### What to produce
Within the data that follows, set down exactly the lines from the one containing "crane, construction, yellow, blue, sky, jet, condensation" through the one containing "Evald Nielsen marmeladeske", both ends included.

### Entries supplied
________________________________________
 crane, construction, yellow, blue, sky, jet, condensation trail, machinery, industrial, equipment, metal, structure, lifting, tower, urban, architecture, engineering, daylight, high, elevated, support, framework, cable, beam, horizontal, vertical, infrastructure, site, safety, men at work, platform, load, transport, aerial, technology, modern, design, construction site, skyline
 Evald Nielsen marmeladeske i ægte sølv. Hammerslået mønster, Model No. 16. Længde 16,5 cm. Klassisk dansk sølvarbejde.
________________________________________
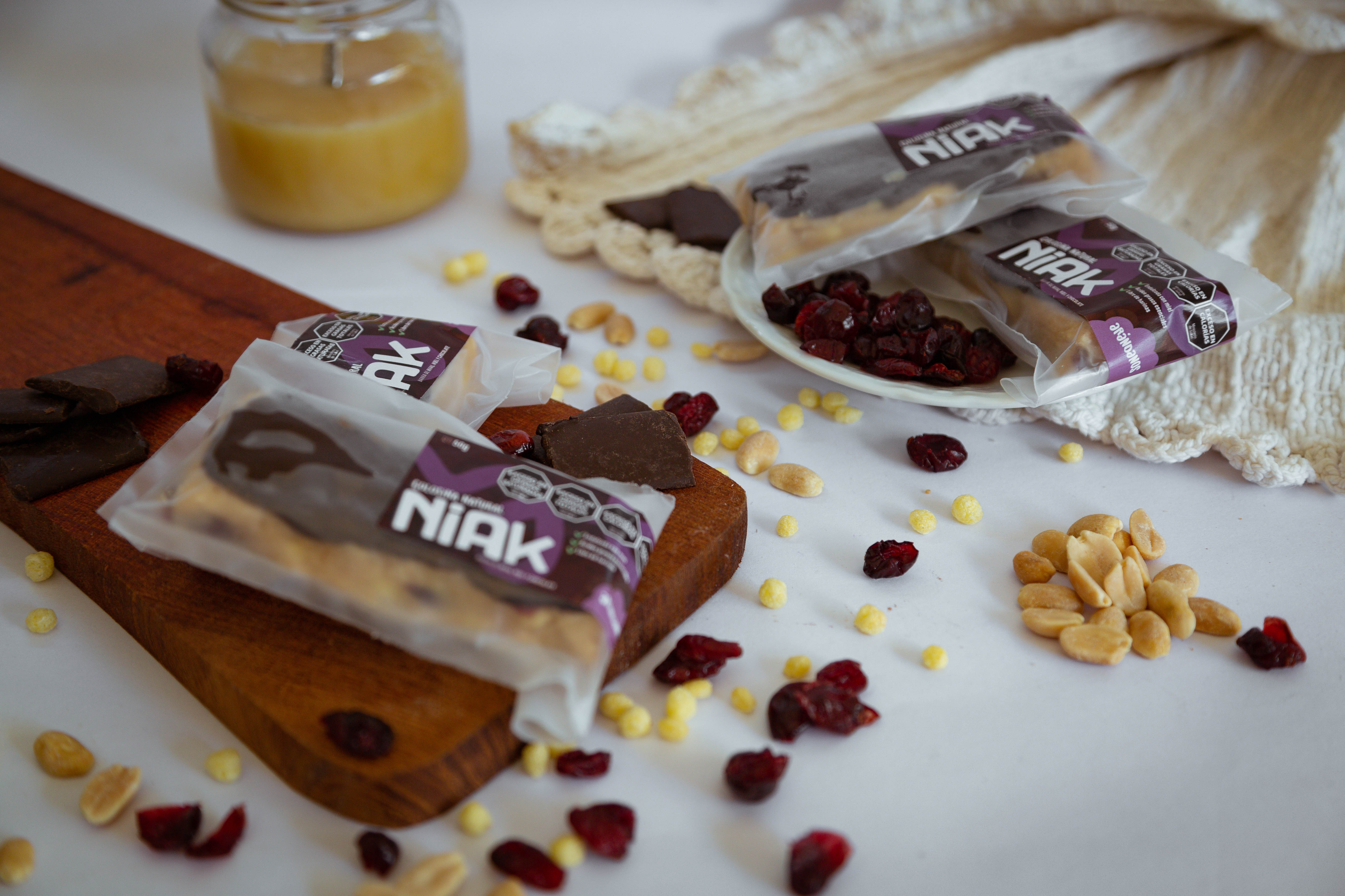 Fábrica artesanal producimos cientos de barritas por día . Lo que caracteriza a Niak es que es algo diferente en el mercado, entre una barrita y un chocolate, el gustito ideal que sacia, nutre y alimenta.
________________________________________
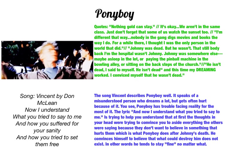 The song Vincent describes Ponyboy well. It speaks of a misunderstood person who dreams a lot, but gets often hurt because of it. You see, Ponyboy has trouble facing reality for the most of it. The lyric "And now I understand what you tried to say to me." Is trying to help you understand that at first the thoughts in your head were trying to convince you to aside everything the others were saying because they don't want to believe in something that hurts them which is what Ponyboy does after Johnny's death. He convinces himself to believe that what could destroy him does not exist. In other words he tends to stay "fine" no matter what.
________________________________________
### Task output
 crane, construction, yellow, blue, sky, jet, condensation trail, machinery, industrial, equipment, metal, structure, lifting, tower, urban, architecture, engineering, daylight, high, elevated, support, framework, cable, beam, horizontal, vertical, infrastructure, site, safety, men at work, platform, load, transport, aerial, technology, modern, design, construction site, skyline
 Evald Nielsen marmeladeske i ægte sølv. Hammerslået mønster, Model No. 16. Længde 16,5 cm. Klassisk dansk sølvarbejde.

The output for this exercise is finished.